For a thing to be able to be what it wants to be, and do what it wants to do, is for that thing to be strong. A person is kind who feels a sense of likeness to other things; who accepts accurately his relation to other things.
A person, moreover, wants himself to be pleased. In doing so, he is aware, in some way, both of himself and other things. If he has the organic feeling that the being pleased of other things is the being pleased of himself, he is kind. For kindness, in human terms, is the acceptance of a relation with other selves and the wishing to make that relation as complete and as right as possible.
A person has the problem of pleasing part of himself immediately at the expense of his whole self, or pleasing his whole self, though part of himself will feel, for the time, pained. This problem can be otherwise stated as pleasing himself but not strengthening himself, or strengthening himself and perhaps not pleasing part of himself immediately.
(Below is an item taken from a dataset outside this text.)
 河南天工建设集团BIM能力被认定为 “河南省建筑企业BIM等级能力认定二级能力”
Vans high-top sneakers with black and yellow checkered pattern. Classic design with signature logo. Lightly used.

This problem also exists with other people. We can please another immediately, and not strengthen that other; or our big desire may be to strengthen the other and so please him, even though the being pleased is not seen.
To be for another person’s weakness, is unkindness. For the desire of each person as a whole, is to be himself with the utmost change. Where in pleasing a person we do not think of his deepest desire, we are not for that person.
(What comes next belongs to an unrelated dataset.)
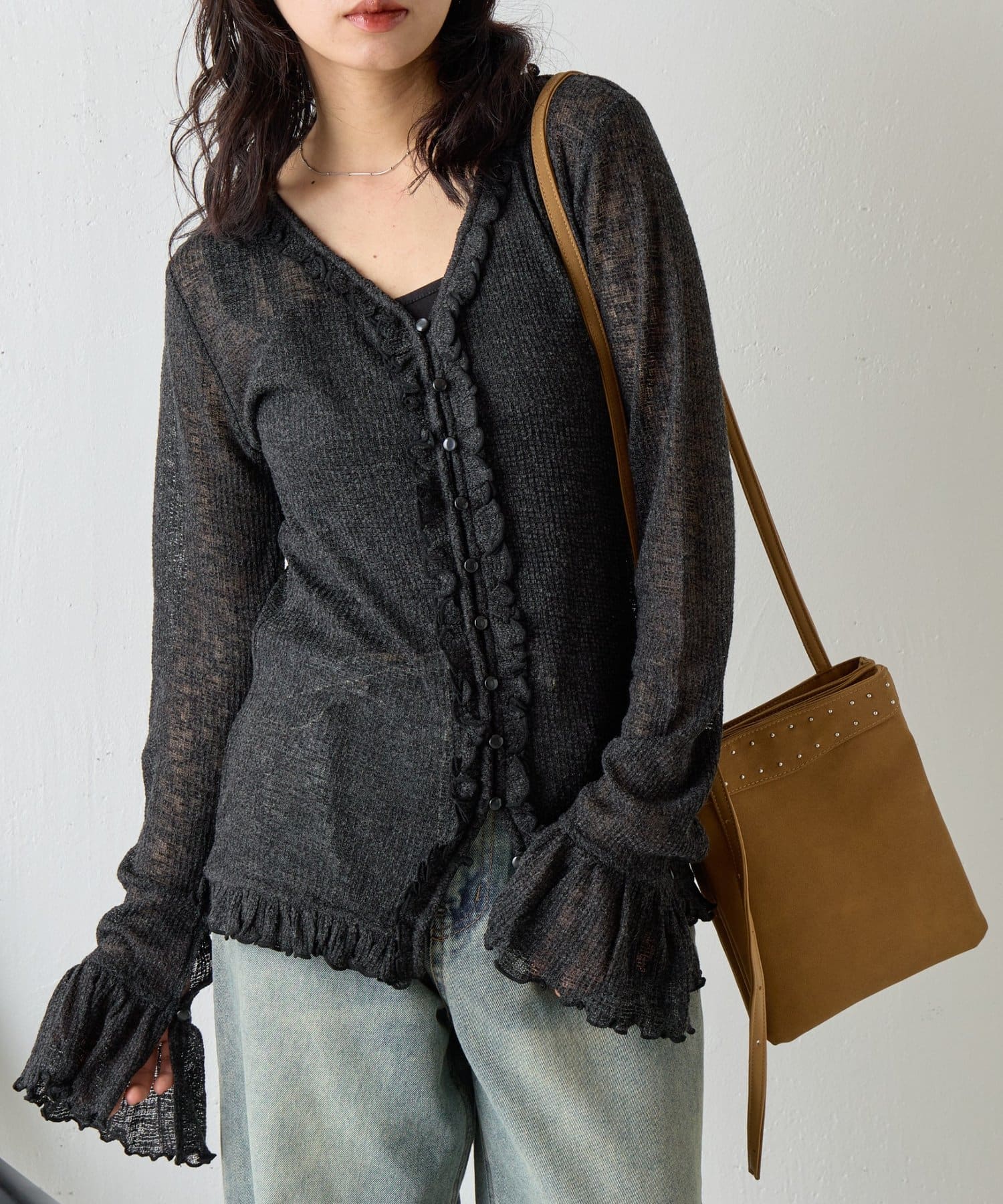 -goocy-(グーシー) シアーワッフルフリルカーディガン

So, to be kind is honestly to think of what another person, or other persons, truly desire. If we do not take the trouble to find this out, or do not want to take the trouble, our “kindness” is so much not kindness.
It is, of course, easy pompously to impose what we think is their desire on other people. This pompous imposition of desire arises from insufficient knowledge.
It follows that to be kind, we must have the imagination arising from the knowledge of feelings had by others. This knowledge comes from the seeing of ourselves as like other people, while humbly recognizing that there is otherness, too.
Kindness is infinite. There should be a continuity in the right feeling we may have to a person we meet in a grocery store with the feeling we should have to all the people of China and the people who may live ninety-five years from now.
Kindness is accuracy; for to please a person where he does not deserve it, is hurting him; and not to please a person when he deserves it, is hardly commendable, either. Where kindness is sacrifice, lavishness, gush, it very clearly is also unkindness; and where kindness cannot be justified as a theorem might be, it is also that much lacking.
We can be kind to things, too. To see a thing as beautiful when it is beautiful, is to be kind to it. To know a thing as it is, is to give it its due; and that is kindness, also. To neglect things, not to want to know them, not to see them as beautiful or as having meaning when they have, is to be unkind.
There is a something meaningful in the wish of the God of the Bible to be known and loved. One might expect that being God, this would not interest him. The request or the order of God that he be known and loved, was the saying that not to know and love him was unjust or unkind. A God that needs our love, needs our kindness. Reality needs kindness. We give it by knowing it: for a thing unknown is a thing neglected, dealt with badly.